D’après elle, pour rendre le jugement d’hérédité du 18 juillet 2002 dont Kalara a obtenu copie, jugement par ailleurs annulé le 7 juin 2018, la juridiction s’est appuyée sur un procès-verbal de conseil de famille truqué. Elle dit n’avoir jamais été convoquée à un conseil de famille relatif à l’ouverture de la succession de son géniteur décédé le 22 janvier 2002 et allègue que la signature qui lui est attribuée sur le document a été contrefaite par Me Akere Muna.

Dans le même sens, elle décline les déclarations faites à la fois devant la justice et devant l’autorité publique chargée de légaliser ledit procès-verbal par le prévenu tendant à faire croire qu’il avait reçu mandat pour agir en sa faveur. Me Akere Muna, qui a rompu le silence peu avant l’ouverture du procès devant le TPI, avait affirmé que les procédures dont il est la cible depuis quelques mois relèvent d’une cabale organisée contre sa personne pour faire échec à ses ambitions présidentielles.

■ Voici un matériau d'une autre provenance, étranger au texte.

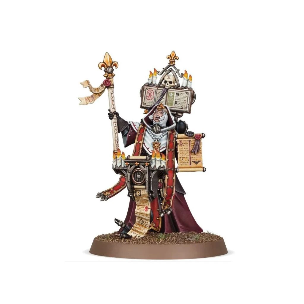 fanal de foi au milieu des lignes de l’Adepta Sororitas, et se dresse fièrement sur des promontoires exposĂ©s au feu pour dĂ©clamer ses sermons, alors que les faisceaux d’énergie et les balles fusent autour d’elle. Son laudaphone amplifie sa voix au point qu’elle rĂ©sonne au-dessus du fracas des combats. Ses paroles sont relayĂ©es par les canaux vox et les sensoriums, afin que toutes les guerrières de l’Adepta Sororitas Ă proximitĂ© bĂ©nĂ©ficient de sa puissante rhĂ©torique. Les dĂ©tonations de son pistolet bolter ponctuent les versets qu’elle rĂ©cite Ă pleins poumons.Â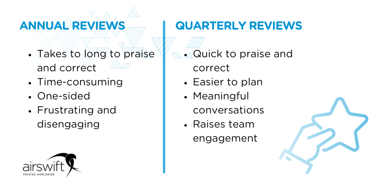 Instead of waiting a whole year to praise an employee for a job well done, quarterly reviews allow positive feedback to be provided promptly.

L’ancien bâtonnier désigne l’actuel ministre de la Justice comme le cerveau de ladite cabale. Par ailleurs, il avait remis à la presse quantités de documents, qui démontrent que non seulement sa cadette était au courant du jugement d’hérédité dont elle a désormais obtenu la nullité, mais aussi, elle s’en est parfois prévalue, plus que tout autre enfant Muna, notamment pour obtenir un crédit bancaire en hypothéquant même les biens du patrimoine laissé par leur père. Les révélations, dans cette affaire, ne sont sans doute pas achevées.